Syrian state news agency SANA said this morning that Israeli jets had allegedly fired a number of missiles at the port of Latakia. Reportedly, the strikes targeted the container terminal at the port, causing large explosions and fires. No injuries were registered. This morning’s report joins a Dec. 7 report by SANA of an alleged similar aerial hit on the Latakia port. Much like today’s attack, it destroyed shipping containers and caused a fire. The target was apparently an Iranian weapons shipment. Israeli authorities declined to comment on either of these incidents.

Foreign media claims that Israel had avoided over the years targeting the Latakia port and its environs in an effort to avoid hurting the Russian military presence nearby. This, despite Iran allegedly using the terminal to transport advanced munitions through it to Hezbollah and other proxies in the region. In fact, under the Netanyahu government, Israel and Russia had agreed on a deconfliction mechanism. This mechanism means using communication channels between armies on both sides to prevent Israeli and Russian forces from clashing in Syrian skies.
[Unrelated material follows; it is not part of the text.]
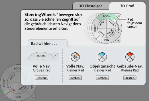 Vorgabemäßig ist das Rad beim Start inaktiv. Wenn Sie jedoch die Option Immer fixiertes Rad beim Start anzeigen aktivieren, wird das Rad beim Start an die linke untere Ecke des Ansichtsfensters Perspektive geheftet. Es folgt dem Cursor nicht, und wenn Sie den Cursor über dem Rad positionieren, wird die Info-Sprechblase für SteeringWheels angezeigt. Die Info-Sprechblase dient als Einführung in den Zweck der Räder und ihre Verwendung.

At their Oct. 22 meeting in Sochi, Prime Minister Naftali Bennett and Russian President Vladimir Putin agreed to continue with this mechanism.

The deconfliction mechanism is strategically of great importance to Israel. Bennett and Foreign Minister Yair Lapid are in constant contact with Moscow in an effort to deepen bilateral relations in many spheres. Iran and Syria are a priority. On Dec. 27, hours before the report about the alleged Latakia attack, Lapid spoke on the phone with Russian Foreign Minister Sergey Lavrov. Lapid tweeted after the phone call, "I spoke today with my good friend, Russian Foreign Minister Sergey Lavrov, on a wide range of regional topics and key issues. We arranged to meet as soon as possible and in accordance with the [coronavirus] restrictions."
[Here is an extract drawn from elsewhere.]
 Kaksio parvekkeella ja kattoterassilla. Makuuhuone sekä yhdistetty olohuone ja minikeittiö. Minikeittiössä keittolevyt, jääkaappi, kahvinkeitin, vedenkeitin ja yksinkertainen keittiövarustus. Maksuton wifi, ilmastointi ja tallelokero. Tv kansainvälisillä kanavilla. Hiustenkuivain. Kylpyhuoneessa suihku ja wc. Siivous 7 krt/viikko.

The phone call between the two ministers took place just as the second round of Vienna talks on the Iranian nuclear program resumed. And while the short tweet of Lapid hinted that the two ministers discussed the Vienna talks and Iranian presence in Syria, the Russian Foreign Ministry said the two men primarily discussed Israeli settlements in the West Bank and the situation of Russian and Orthodox Church real estate in Jerusalem. Moscow has been diplomatically engaged for several years in reclaiming property rights for the Orthodox Church over land plots across Jerusalem, leased for the most part to Israelis for a period of 99 years, and concerning other real estate disputes in the city.

Lapid’s comments about the two ministers intending to meet as soon as coronavirus restrictions enable them to do so also raised eyebrows. On Dec. 11, the Russian Foreign Ministry announced it had canceled a regional trip by Lavrov to the region without explaining the reasons behind the cancelation. The Russian foreign minister was expected to travel to Israel, the West Bank, Algeria and Morocco. In Israel, he was set to meet with Bennett, Lapid and President Isaac Herzog.
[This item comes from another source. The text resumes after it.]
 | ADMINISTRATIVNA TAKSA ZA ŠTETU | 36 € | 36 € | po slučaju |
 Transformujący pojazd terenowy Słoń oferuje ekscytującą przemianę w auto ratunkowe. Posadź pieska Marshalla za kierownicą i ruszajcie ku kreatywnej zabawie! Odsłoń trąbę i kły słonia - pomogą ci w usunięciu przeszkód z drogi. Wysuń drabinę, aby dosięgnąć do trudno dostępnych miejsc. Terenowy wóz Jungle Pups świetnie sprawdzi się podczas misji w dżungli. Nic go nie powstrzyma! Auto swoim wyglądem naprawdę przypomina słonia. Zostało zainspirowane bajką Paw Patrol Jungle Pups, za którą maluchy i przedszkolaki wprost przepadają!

The labor association of the Israeli Foreign Ministry claimed the visit was canceled over a strike it was planning for the exact day of the visit, but this was never confirmed officially by any of the sides. Some Israeli analysts suggested that Lavrov decided not to meet with Israeli leadership at this exact moment, between two rounds of Vienna talks, so as not to enter into open diplomatic disagreements. It is no secret that in the framework of the UN Security Council, together with China, Russia firmly opposes the Israeli stance on Iran.